Я говорю: «Фигасе, Дмитрий Анатольевич. Идите в жопу, Дмитрий Анатольевич. Я, хоть всем нашим и симпатизирую, вы знаете, да, но это вы переходите все границы, разве нет? Не можете вы от меня ЭТОГО требовать. Дмитрий Анатольевич».
А Дмитрий Анатольевич насупился на эти мои слова, головой покачал: «Мистер Дженкинс очень, очень расстроится, Юлия Валерьевна».
- Ну, думаю, - совсем хана - МИСТЕРА ДЖЕНКИНСА, по всему, нельзя расстраивать, никак. Ладно, Дмитрий Анатольевич, я подумаю. Но Вы такой пройдоха, такой проныра - всегда сможете уговорить и вывернуться.

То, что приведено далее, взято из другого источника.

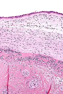 Histopathologie de la chorioamnionite. L'amnios (partie haute de l'image) présente des neutrophiles épars, ce qui permet de diagnostiquer une chorioamnionite.
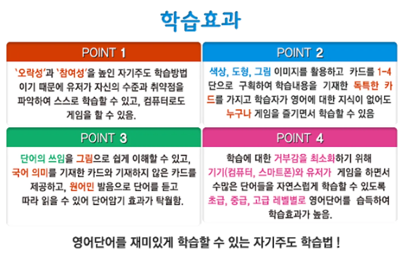 Even if you do not have a basic knowledge of English words, you can select the items that fit your level by providing hints on unique cards that are divided into 1-4 levels based on cognitive linguistics. You can master from beginner to advanced word with fun while understanding the picture and listening to native speaker pronunciation.

Всё утро я пыталась вспомнить кто такой этот мистер Дженкинс и как он может мне навредить, но не успела додумать, так как в дверь позвонили и я проснулась.
ВОЛШЕБНЕГ В ГОЛУБОМ ВЕРТОЛЁТЕ
Ничего, что этого шарлатана я ждала тридцать лет?
Ну, мама, конечно, мама, никакой не волшебник, ма-ма впорхнула в наш серый коридор и вытащила из сумочки 500 эскимо два билета на "Иронию судьбы. Продолжение" Добрая такая мама говорит: "Идите, развейтесь, сколько можно, я посижу". И уселась. Кубики Зайцева рассыпала по столу, как кости: «А мы пока позанимаемся, совсем ребёнка забросили, почему у вас так мало света».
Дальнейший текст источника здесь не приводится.